Comment y répondre au mieux pour éviter que les populations cèdent à la panique ?

Frédéric Encel : Justement, par le renforcement des moyens législatifs et policiers que vient de décider la France. On ne doit céder ni à l'amalgame anti démocratique, ni à la complaisance. La victoire contre la terreur djihadiste est à ce prix.

Alain RodierPar la condamnation des agissements de l'EI par les autorités religieuses musulmanes, ce qui a été fait en Arabie saoudite, en Egypte et au Qatar. Cet appui moral qui doit descendre jusqu'à la "base", permet de déligitimer toute action terroriste de ce type.

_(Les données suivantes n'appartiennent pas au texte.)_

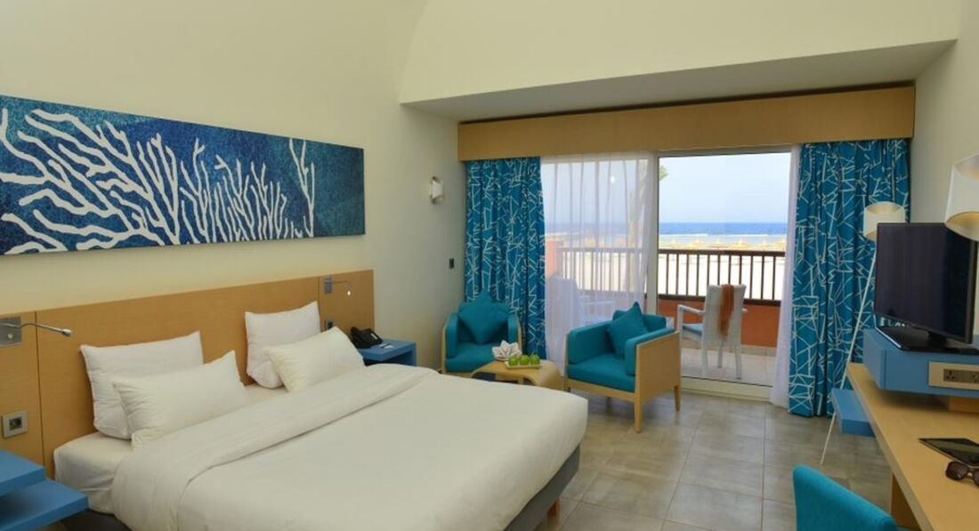 Путевку подарил любимый человек,отдыхала одна. Хотелось уединения, такого себе спокойного отдыха, с минимумом русскоязычных отдыхающих и шумного местного населения. Получила, что хотела.Отличный отель, новый, открылся в 2015 году. На «краю географии», никаких торгово-развлекательных центров, базаров и прочего. Магазинчики со всем необходимым есть в отеле. Просторный номер, отличный ортопедический матрац,хорошая новая мебель и сантехника, чувствуешь себя не «как в Египте». Это реальная пятерка, в отличии от многих так называемых пятерок в Хургаде.Касается и обслуживания, никаких пошлостей и намеков, без «панибратства», персонал вышколенный, отдыхать в одиночку было комфортно. То-же касается и аниматоров.Не проявляешь интереса, тебя и не напрягают, не навязываются. Хорошая кухня,вкусно, продукты свежие. Мне всего хватало. Без претензий. Пляж хороший, песок,чисто. Места много. Плавать удавалось не каждый день из-за ветра. Это огорчало.Прекрасный живой риф, много ярких рыбок, скаты, ежи. Говорят приплывает черепаха, но я к сожалению не видела. Зато видела дельфинов! Единственный недочет, это вход с берега в море. Его нет, мертвый коралл. Плавать только с понтона, отдыхающие ходили далеко в бухту, там вроде бы песок. Я не была,надеюсь что в скором времени и в этом отеле как-то решат эту проблему и будет нормальный песчаный вход. Желания куда-то ездить не было, но все-таки взяла экскурсию на остров Утопия, захотелось хорошего песчаного входа в море)). Брала поездку у проверенного человека по имени Mido bikham, которому доверяю, ни разу не подводил. Давно нашла его в соцсетях, были с ним почти на всех экскурсиях, и всегда все в лучшем виде. Он наверное один из немногих местных, с которым просто приятно пообщаться. К плюсам отеля хочется отнести и крытый теплый бассейн, который работает, когда бассейны на территории уже закрыты. Прекрасно проведенный отдых, масса положительных эмоций, с удовольствием рекомендую! P.S. хороший wi-fi на всей территории, видео тянет.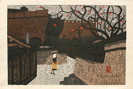 SAITO, Kyoshi (Japanese 1907-1992): Village Landscape with Figure, full size 11 1/2'' x 17 1/4'', framed, 14'' x 20''. Small abrasion in upper left quadrant.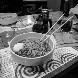 It was a cool 40 degrees F walking down Euclid Avenue at 7:00pm. My wife and I were getting cold and we had a few hours to kill. We were getting hungry and we spied through the front window. I recognized the familiar site of Ramen bowls! Hot soupy broth and noodles! Yes, please!!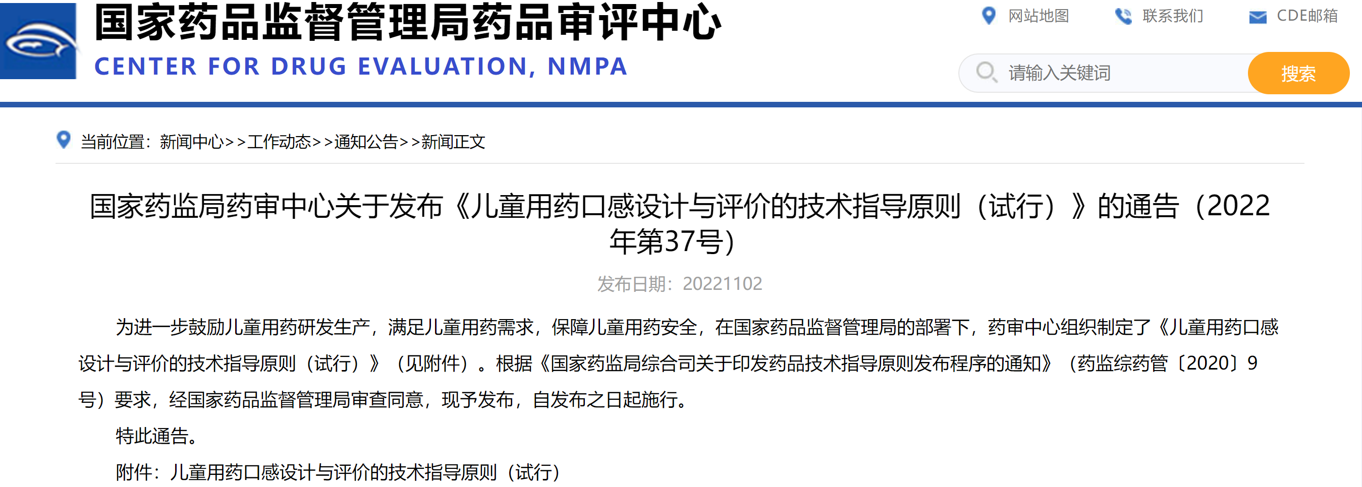 國(guó)家藥監(jiān)局藥審中心關(guān)于發(fā)布《兒童用藥口感設(shè)計(jì)與評(píng)價(jià)的技術(shù)指導(dǎo)原則(試行)》的通告(2022年第37號(hào))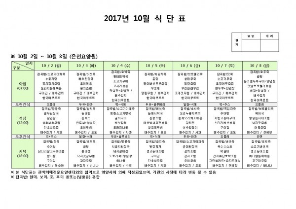 10월 첫째주 식단표 페이지 정보 작성자 은천노인복지회 작성일17-10-11 10:52 조회176,572회 댓글0건 관련링크 이전글 다음글 목록 답변 본문 10월 첫째주 식단표 이전글 다음글 목록 답변
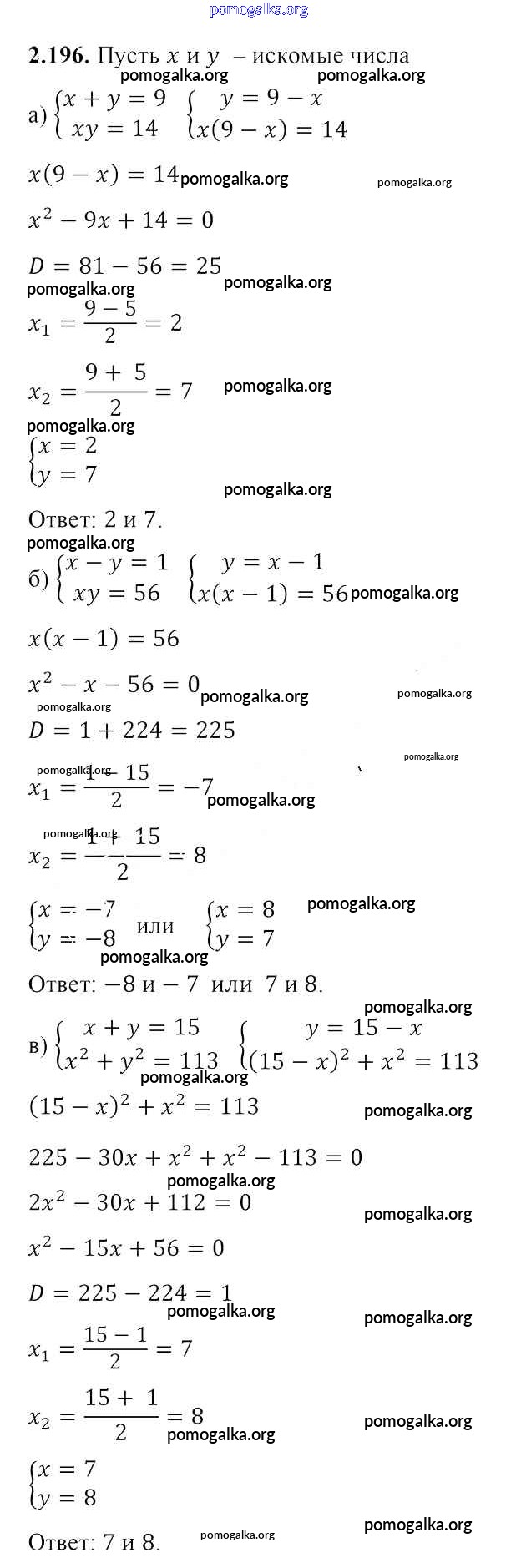 Готовые ответы - Алгебра 8 класс Арефьева И.Г. - упражнение глава 2 2.196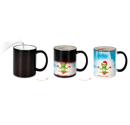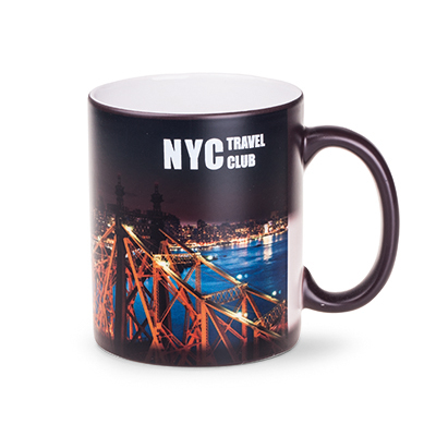 Kubek reklamowy o popularnym cylindrycznym kształcie i matowej powierzchni. Model dostosowany do nanoszenia nadruków Magic Mug - projektów pojawiających się wyłącznie pod wpływem ciepła. Matowa zewnętrzna powierzchnia jeszcze lepiej "ukrywa" nadruk kiedy kubek jest zimny. Możliwa realizacja w 24H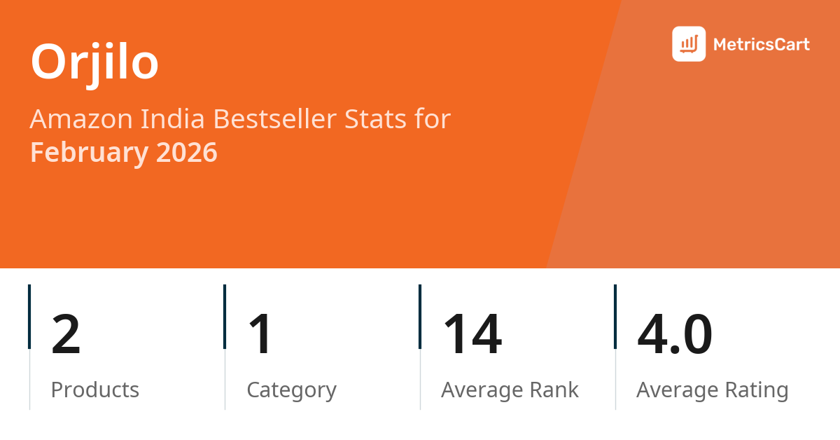 In February 2026, Orjilo appeared on Amazon India's bestseller lists with 2 unique products across 1 category. These products appeared in the category Car & Motorbike. The brand's products on the bestseller lists were priced between ₹297.00 and ₹299.00, with an average price of ₹297.23. These bestselling products maintained an average rating of 4.0 based on 2K total ratings from customers who purchased products that appeared on the bestseller lists.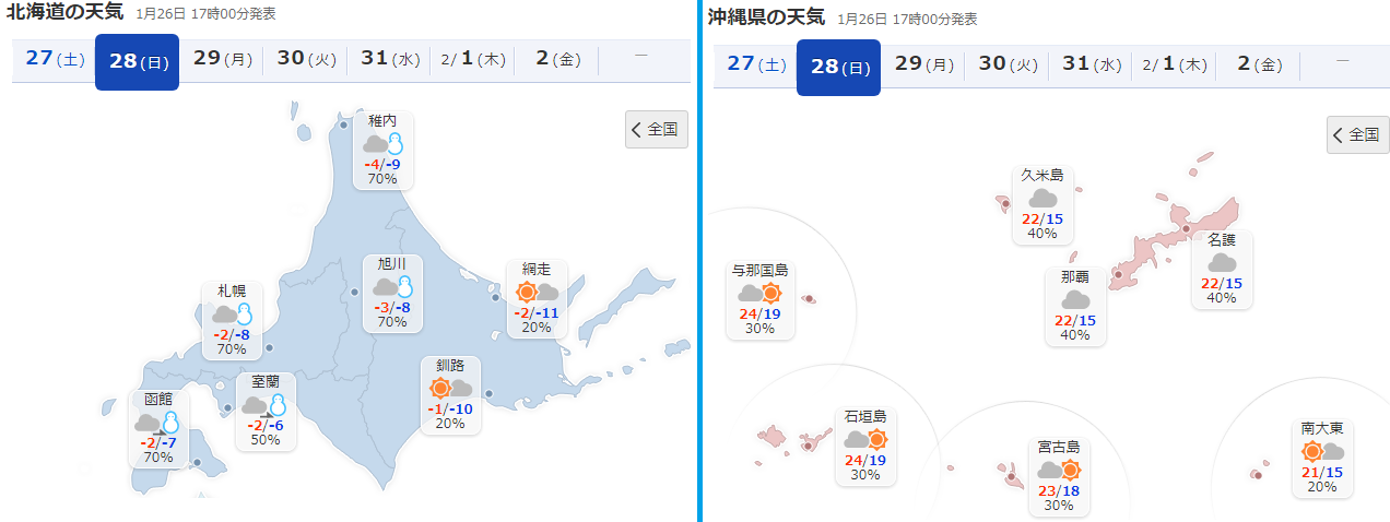 日本の沖縄各諸島、日曜日は少し気温が上昇するようだね。平昌に雪あるの?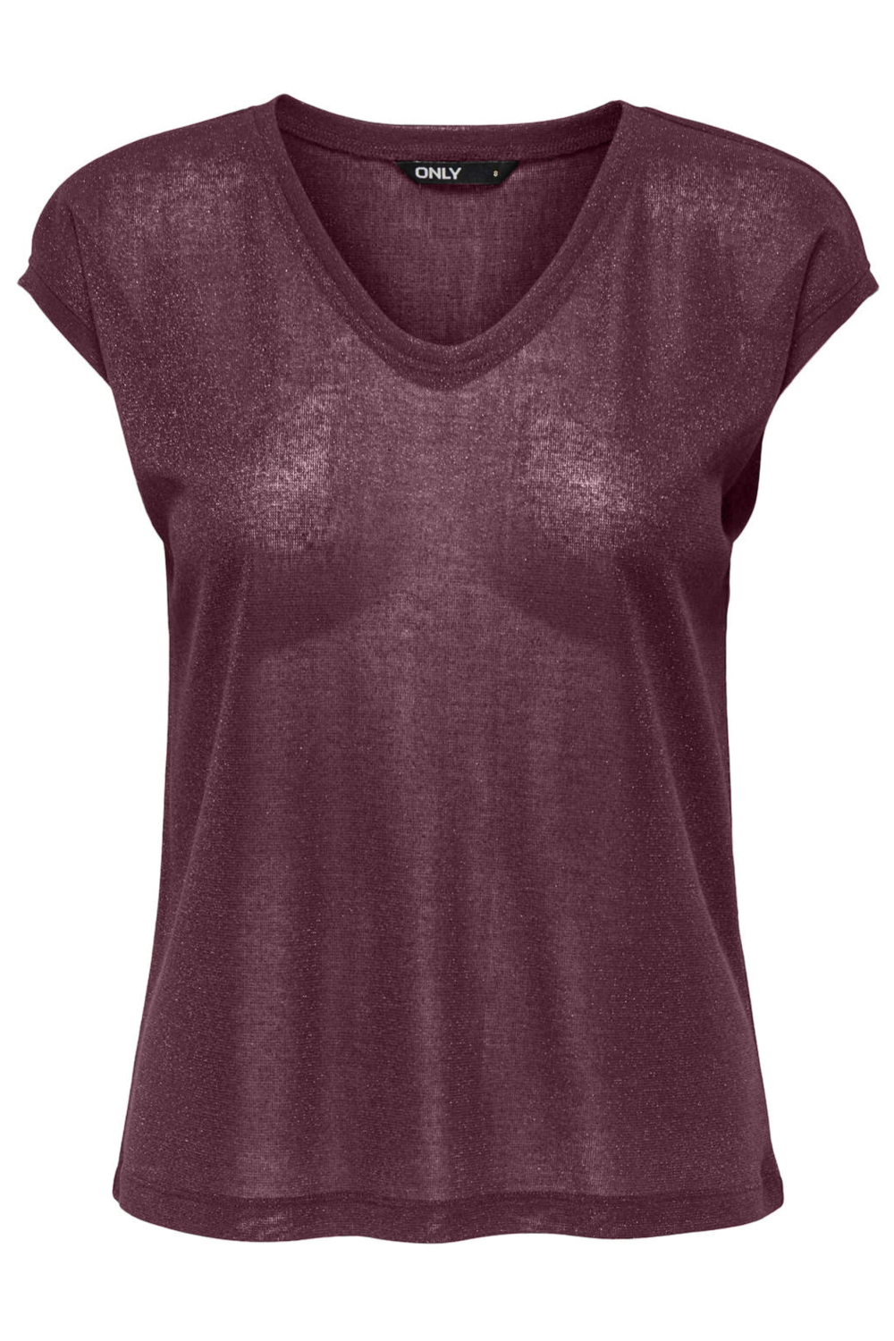 Met dit Only T-shirt voeg je een sprankelende touch toe aan je dagelijkse outfit. De bordeauxrode kleur en subtiele glitters maken dit shirt tot een veelzijdige keuze voor elke casual gelegenheid. De V-hals en kapmouwen geven het shirt een lichte en luchtige uitstraling, terwijl de regular fit zorgt voor een comfortabele pasvorm die bij iedereen goed staat. Gemaakt van een blend van polyester, viscose, en metaalgaren, biedt het niet alleen een zachte textuur, maar ook een luxe glans. Dit T-shirt is perfect voor wie een beetje extra flair wil toevoegen aan een eenvoudige look. Combineer het met een jeans voor een relaxte dag in de stad of draag het met een zwierige rok voor een etentje met vrienden. Door het tijdloze ontwerp en de normale lengte is dit item makkelijk te integreren in elke garderobe en geschikt voor elk seizoen. Voeg wat elegantie toe aan je dagelijkse outfits met dit stijlvolle T-shirt van Only.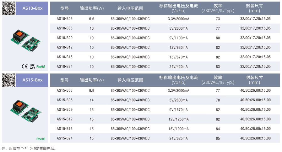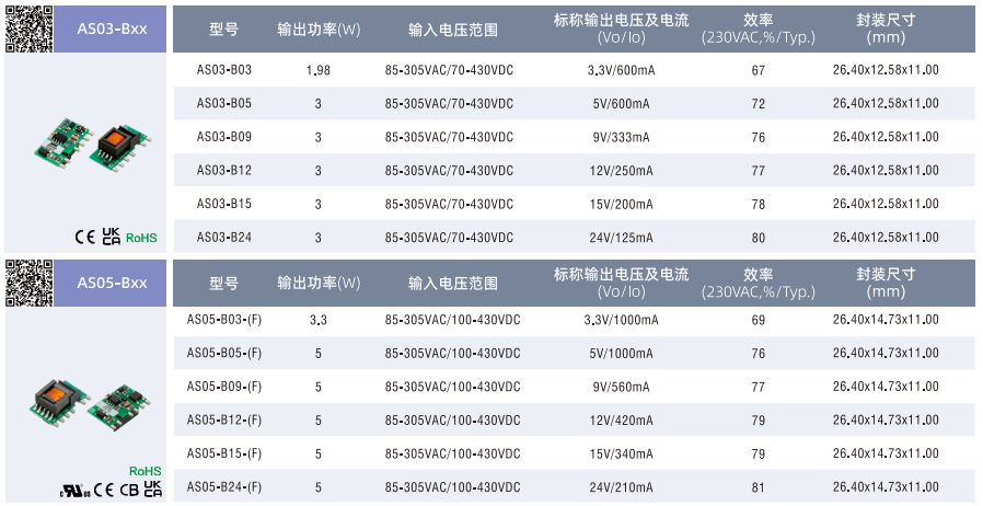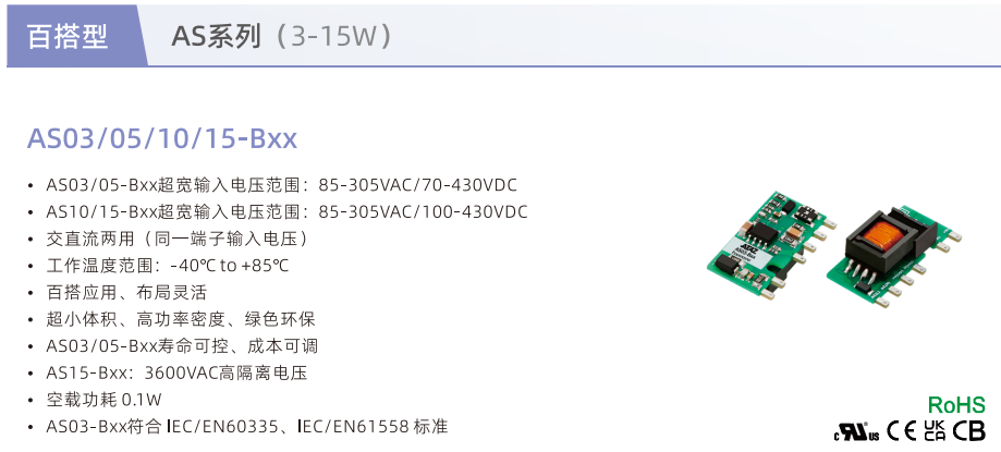 ?板載式電源AS03/05/10/15-BxX ??AS03/05-Bxx超寬輸入電壓范圍:85-305VAC/70-430VDC ??AS10/15-Bxx超寬輸入電壓范圍:85-305VAC/100-430VDC ??交直流兩用(同一端子輸入電壓) ??工作溫度范圍:-40°Cto +85°C ??百搭應用、布局靈活 ??超小體積、高功率密度、綠色環保 ??AS03/05-Bxx壽命可控、成本可調 ??AS15-Bxx:3600VAC高隔離電壓 ??空載功耗 0.1W ??AS03-Bxx符合IEC/

Ensuite, la panique doit être évitée par des actions des forces de sécurité et par les medias. Qui a entendu parler de ce tueur américain qui a assassiné plusieurs personnes aux Etats-Unis en août pour des convictions religieuses personnelles ? N'avoir pas monté l'information en mayonnaise a permis de le déligitimer. Il est au même niveau que les tueurs des écoles qui sont classés comme des dérangés psychiatriques. Ces aspirants terroristes ne rêvent que d'une chose: faire la "une" des medias pour les sortir de leur anomymat. Qu'ils y restent et la motivation des suivants baissera d'un cran.